:: INPUT MATERIAL ::

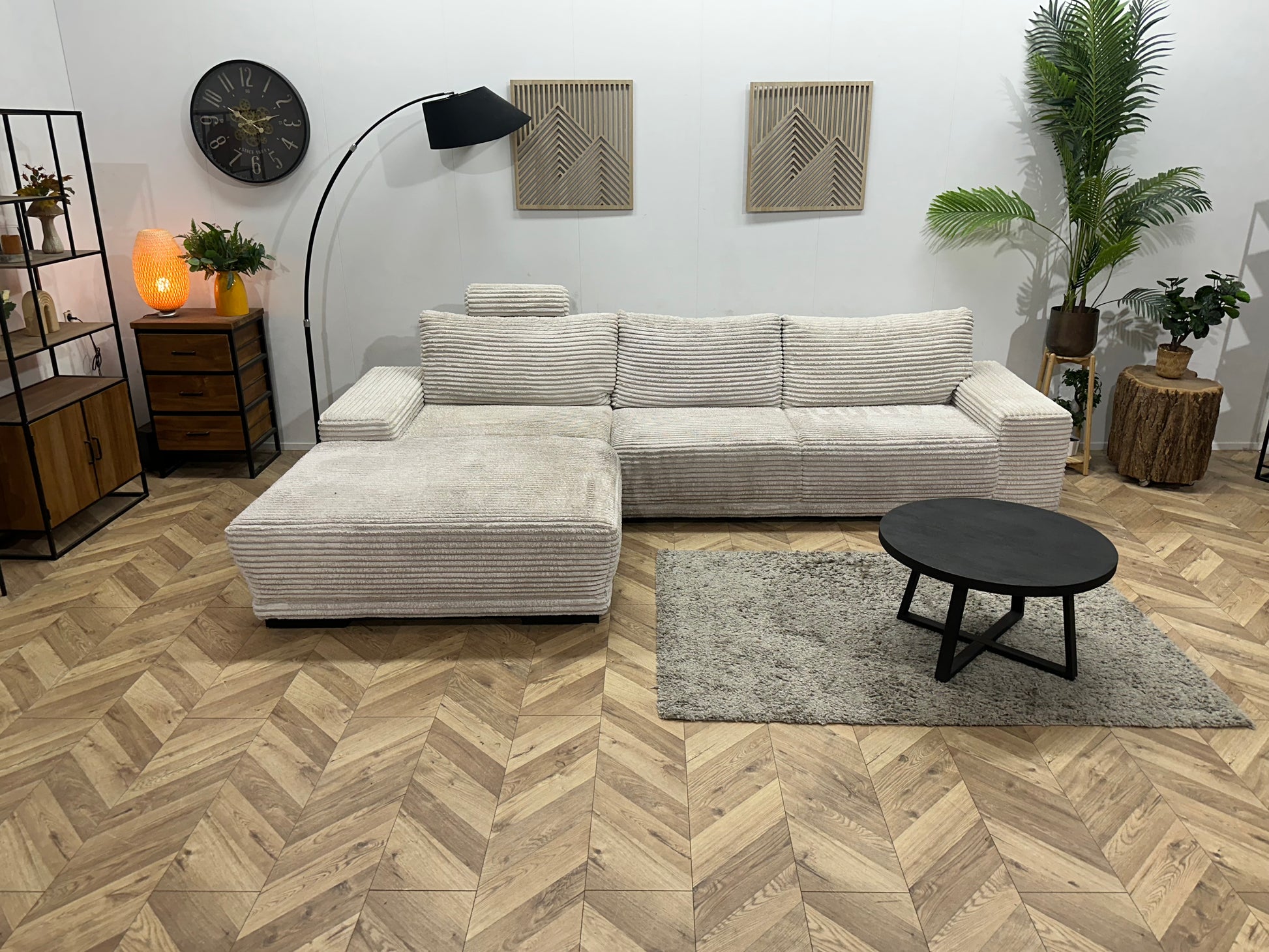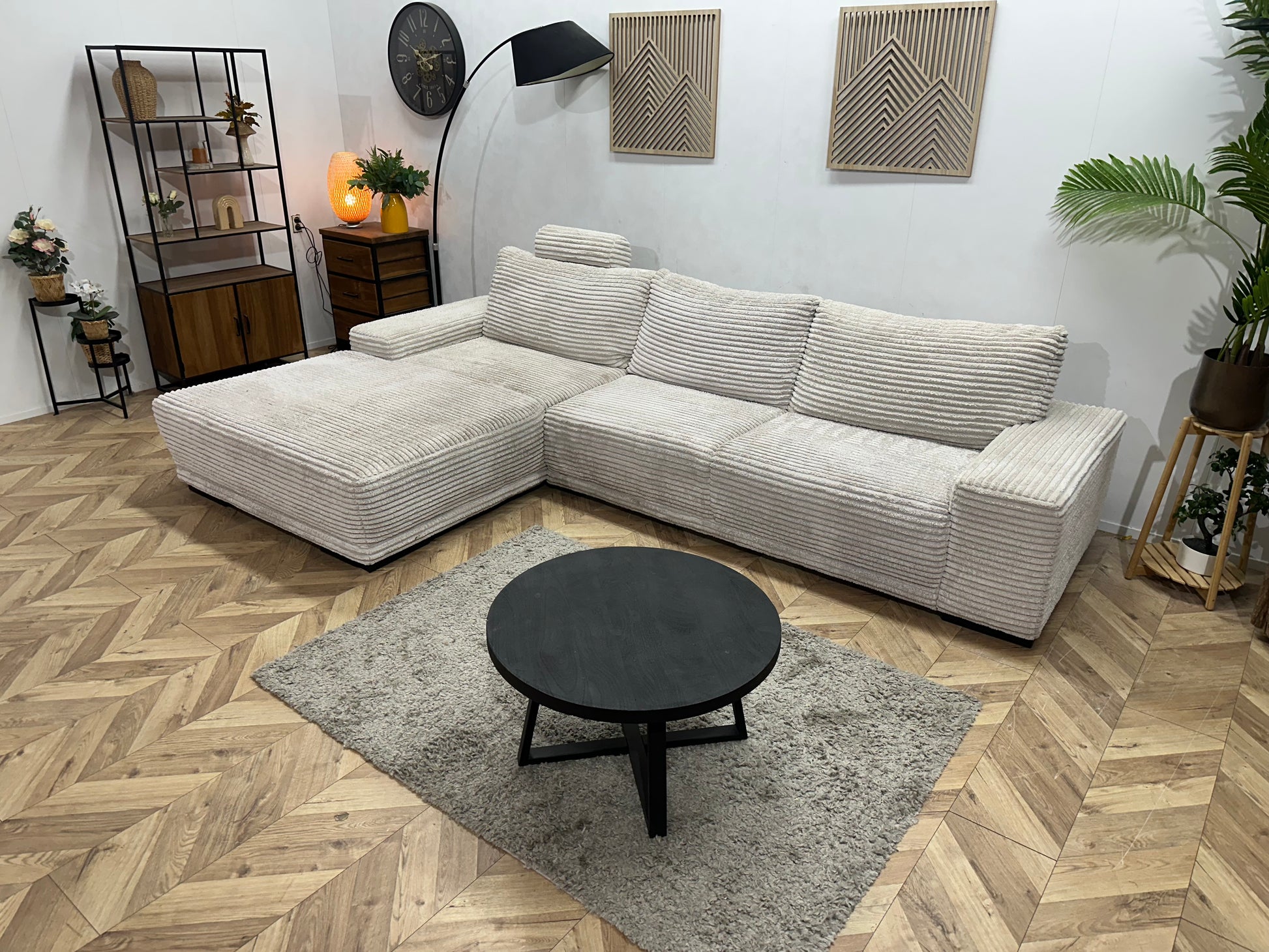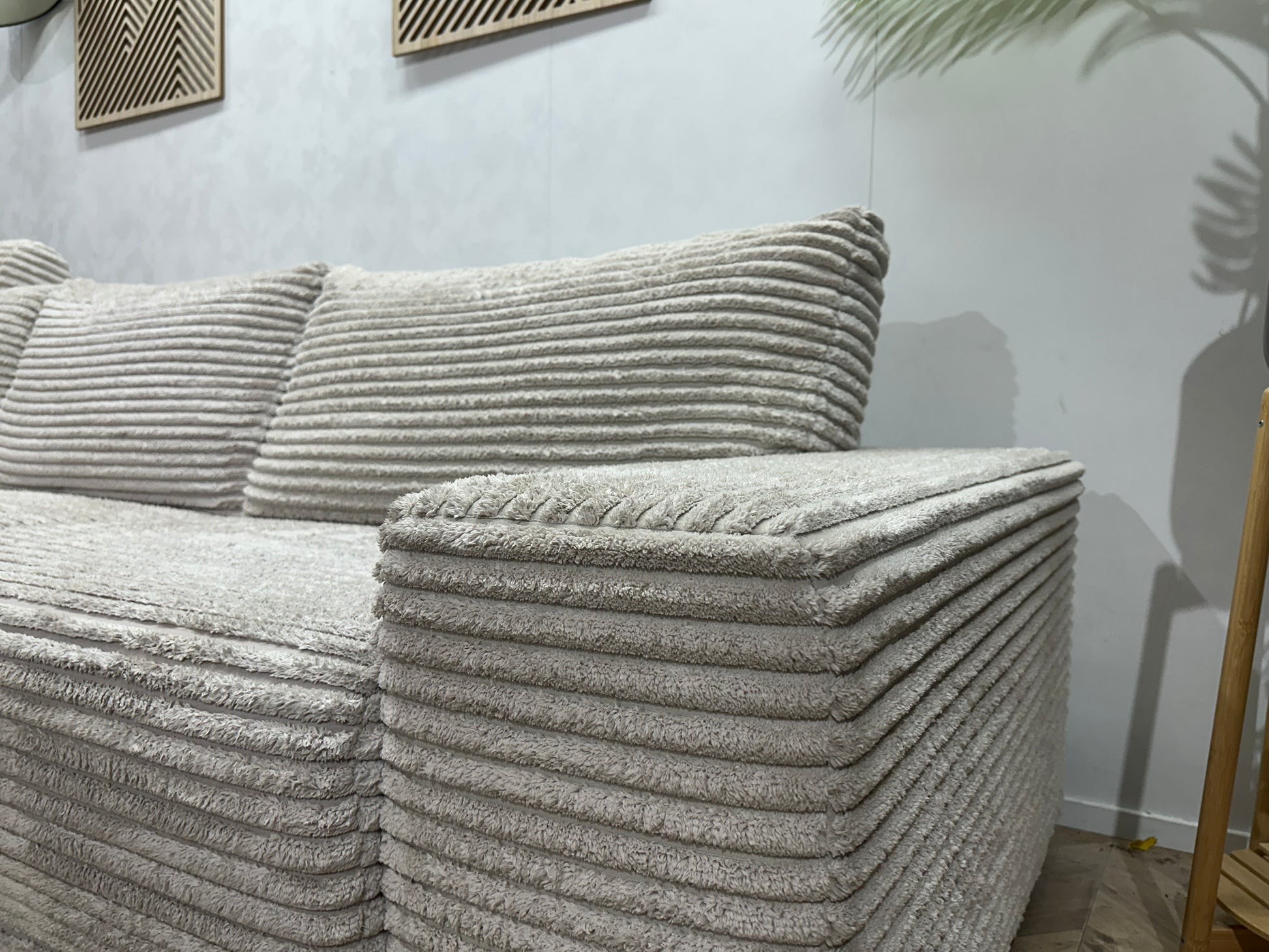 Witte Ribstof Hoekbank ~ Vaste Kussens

:::
:: INPUT MATERIAL ::

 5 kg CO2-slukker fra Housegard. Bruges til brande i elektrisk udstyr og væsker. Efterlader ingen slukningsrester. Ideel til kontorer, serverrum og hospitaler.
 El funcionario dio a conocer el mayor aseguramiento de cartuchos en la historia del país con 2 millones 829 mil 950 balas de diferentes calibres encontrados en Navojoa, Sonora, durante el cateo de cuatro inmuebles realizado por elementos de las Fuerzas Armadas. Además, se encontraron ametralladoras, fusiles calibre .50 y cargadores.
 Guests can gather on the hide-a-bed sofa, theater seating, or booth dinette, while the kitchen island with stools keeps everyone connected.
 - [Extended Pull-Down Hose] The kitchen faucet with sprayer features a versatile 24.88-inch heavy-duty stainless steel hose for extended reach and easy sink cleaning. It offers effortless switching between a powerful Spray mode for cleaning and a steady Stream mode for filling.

:::

Within the material above, output exactly the lines from the one with "Guests can gather" through the one with "- [Extended Pull-Down", end lines included, and nothing besides.

» **SOLUTION TO THIS TASK**:
 Guests can gather on the hide-a-bed sofa, theater seating, or booth dinette, while the kitchen island with stools keeps everyone connected.
 - [Extended Pull-Down Hose] The kitchen faucet with sprayer features a versatile 24.88-inch heavy-duty stainless steel hose for extended reach and easy sink cleaning. It offers effortless switching between a powerful Spray mode for cleaning and a steady Stream mode for filling.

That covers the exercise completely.